About the job
At Thinking Machines Lab, our mission is to empower humanity by advancing collaborative general intelligence. We are dedicated to creating a future where everyone has access to the knowledge and tools necessary to harness AI for their unique needs and aspirations.
Our team consists of scientists, engineers, and builders who have contributed to some of the most popular AI products, including ChatGPT and Character.ai. We have developed influential open-weight models like Mistral and have been active in renowned open-source projects such as PyTorch, OpenAI Gym, Fairseq, and Segment Anything.
About the Role
We are currently seeking a Compensation Partner to join our Operations team. In this pivotal role, you will take ownership of the entire compensation framework at Thinking Machines—from shaping our compensation philosophy and job architecture to collaborating on daily compensation and offer decisions.

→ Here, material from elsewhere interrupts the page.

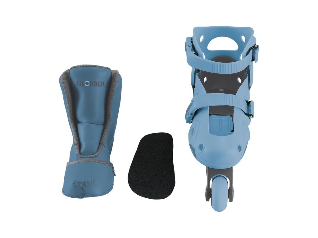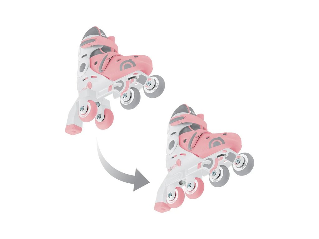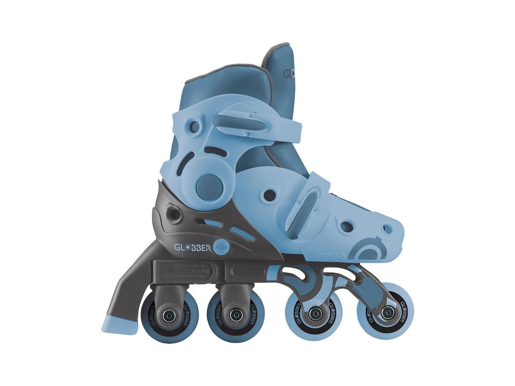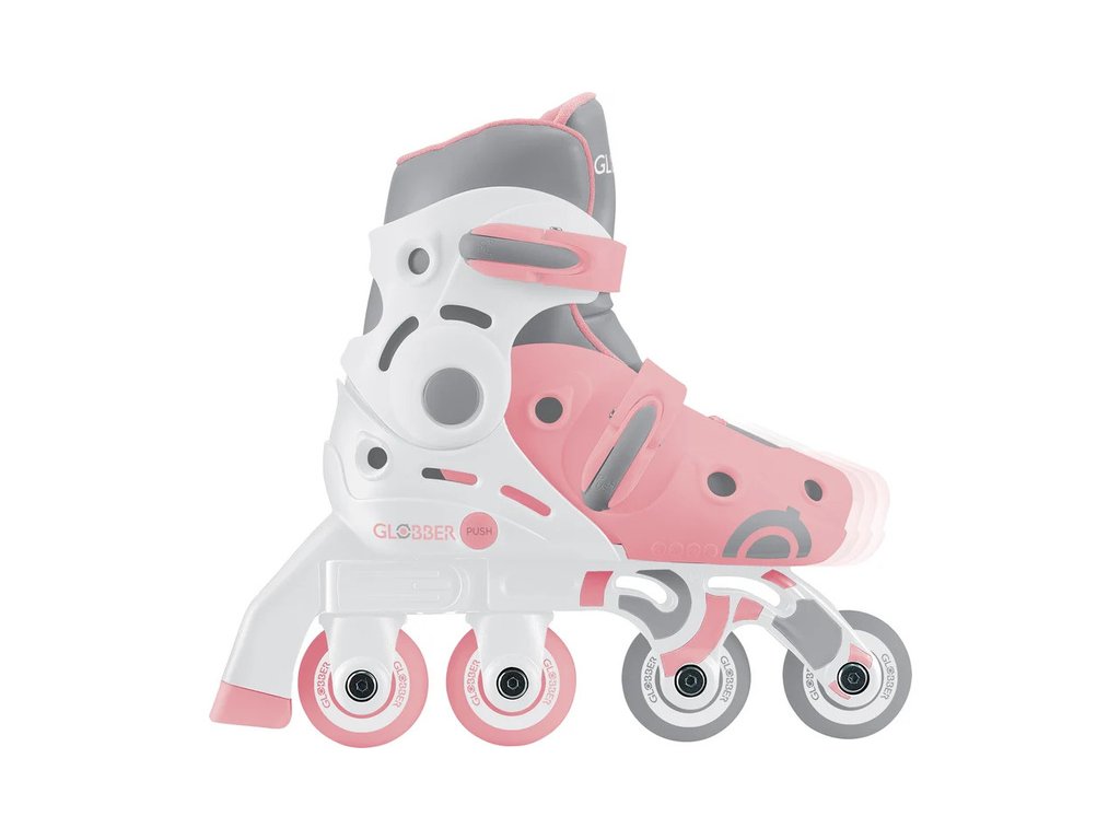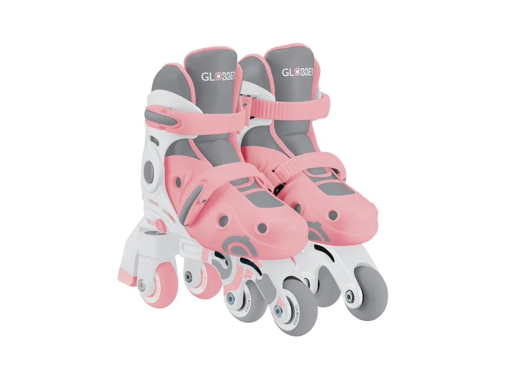 Globber - Dětské kolečkové brusle 2v1, vhodné jako první brusle na učení, díky možnosti jednoduchého otočení zadních koleček, které můžou být vedle sebe pro vyšší stabilitu. Nastavitelné délka boty EU 26-29. Kolečka z PU ø48mm (šířka 24mm). Kvalitní ložiska ABEC 5. Zadní TPR brzda. Přezkové zapínaní.

Your contributions will directly influence our capacity to attract and retain top-tier talent. We are on the lookout for a Compensation Partner who possesses a strong viewpoint alongside a robust process.
What You’ll Do
- Design and implement a comprehensive compensation framework and programs to attract and retain exceptional talent.
- Advise managers and leadership on compensation decisions regarding offers, promotions, and retention strategies.
- Develop our compensation strategy informed by market research, analytical insights, and your own expertise, acknowledging that traditional benchmarks may lag behind current market realities.
- Collaborate with finance and leadership to establish an equity compensation framework.
- Effectively communicate compensation structures to candidates and employees, fostering trust and transparency.
Skills and Qualifications
Minimum Qualifications:
- 7+ years of compensation experience in a high-growth environment.
- Demonstrated success in building compensation programs from the ground up, preferably in an early-stage setting.
- Experience navigating a competitive and dynamic talent market without relying solely on benchmarks and established processes.
- Ability to articulate a clear and compelling compensation philosophy.
Preferred Qualifications:
- Experience with AI labs, foundation model companies, or high-growth tech firms where compensation practices evolve more rapidly than standard survey cycles.
- Familiarity with the compensation landscape across various functions, including research (PhDs, postdocs, industry researchers), engineering, and non-technical roles, recognizing the differing expectations in each area.